Available data
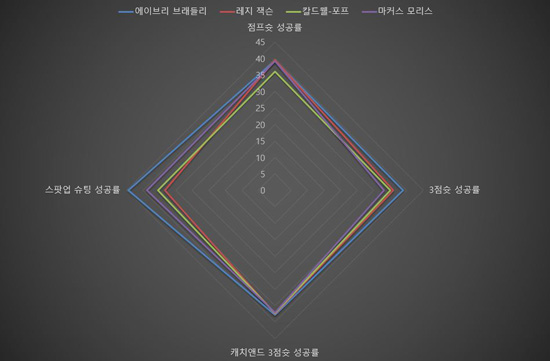 [▲지난 시즌 에이브리 브래들리의 각종 슈팅 효율 기록을 다른 디트로이트 선수들과 비교한 사각형 그래프. 4개 기록 모두에서 브래들리(파란색 선)가 대등 혹은 우위를 점하고 있는 것이 보인다.]
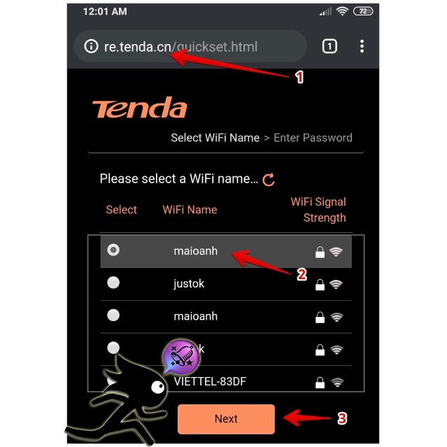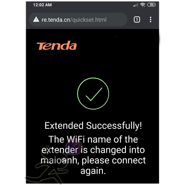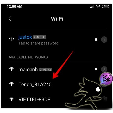 Dòng bên dưới: re.tenda.cn là địa chỉ internet chúng ta sẽ truy cập vào để cài đặt cục kích sóng A12 sau khi chúng ta kết nối wifi vào wifi phía trên.
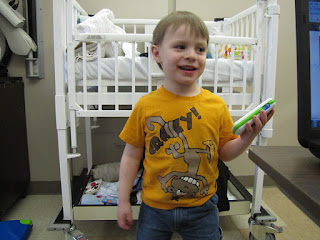 Back to the hospital! He loved the playroom and was right at home there.
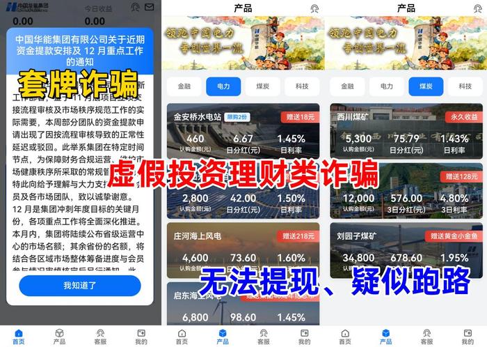不法分子冒充“中國華能”公司的名義,制作散布涉詐APP,虛構(gòu)推廣“金融”“電力”“煤炭”“科技”等高額返利理財(cái)項(xiàng)目。
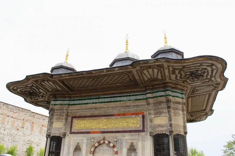 Ana kapıdan adım atmadan hemen önce Sultan 3. Ahmed Çeşmesi'ni göreceksiniz. Sanatı ve sanatçıyı koruyan, kendisi de şair, hattat ve müzisyen olan 3. Ahmed Lale devri ile özdeşleşmiş bir sultandır. Lale Devri eserlerinin çoğu yangınlar ve isyanlarda yok olurken günümüze kalmış ender eserlerden biridir bu çeşme. Çeşmenin Ayasofya'ya bakan yüzündeki kitabe de bizzat padişahın elinden çıkmış: "aç besmele ile, iç suyu, Han Ahmed'e eyle dua" (alıntı: Saffet Emre Tonguç)
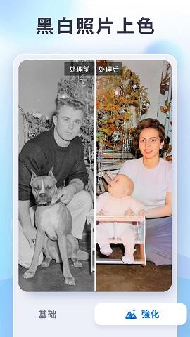3、支持老照片修复与上色,一键智能实现黑白照片转彩色并提升清晰度。
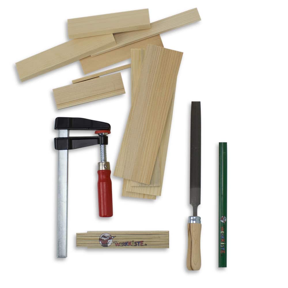 Die Kleiner Tischlerin Sets sind modular aufgebaut, sodass jedes Set individuell genutzt werden kann. Gleichzeitig lassen sich die Sets sinnvoll ergänzen, um noch mehr kreative Möglichkeiten zu eröffnen. Das Set 3 enthält alles, was Kinder für ihre ersten Schritte im Holzbau benötigen.
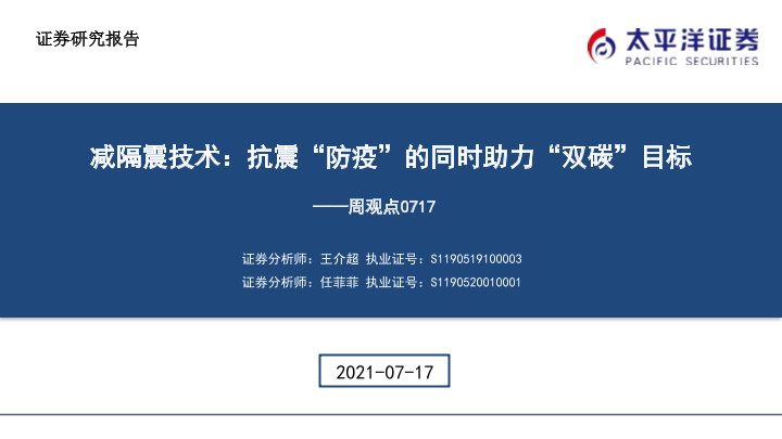 【太平洋证券】【20210717】建材周观点:减隔震技术:抗震“防疫”的同时助力“双碳”目标-35页
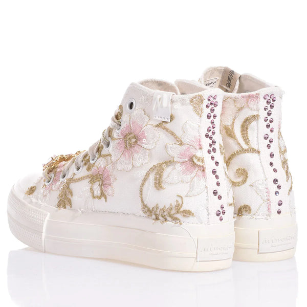 Gli occhielli bianchi e i lacci in organza beige, champagne e oro sono resi ancora più preziosi dall’accessorio con pietre incastonate sul fondo dell’allacciatura abbinati perfettamente alla scia di swarovski sul retro, conferendo un ulteriore tocco di eleganza e rendendo queste sneakers perfette per chi desidera rivivere l'atmosfera della corte francese con un twist moderno.
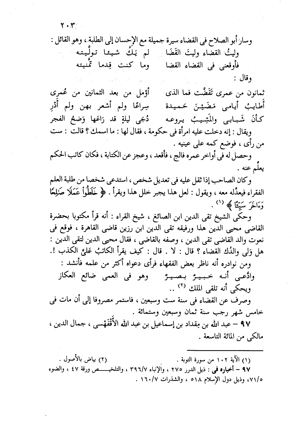 وسار أبو الصلاح في القضاء سيرة جميلة مع الإحسان إلى الطلبة، وهو القائل:

Your instructions
Transcription of the lines from the one with "Gli occhielli bianchi" through the end of the entries is required, exact and with no pictures.

Response area
 Gli occhielli bianchi e i lacci in organza beige, champagne e oro sono resi ancora più preziosi dall’accessorio con pietre incastonate sul fondo dell’allacciatura abbinati perfettamente alla scia di swarovski sul retro, conferendo un ulteriore tocco di eleganza e rendendo queste sneakers perfette per chi desidera rivivere l'atmosfera della corte francese con un twist moderno.
 وسار أبو الصلاح في القضاء سيرة جميلة مع الإحسان إلى الطلبة، وهو القائل:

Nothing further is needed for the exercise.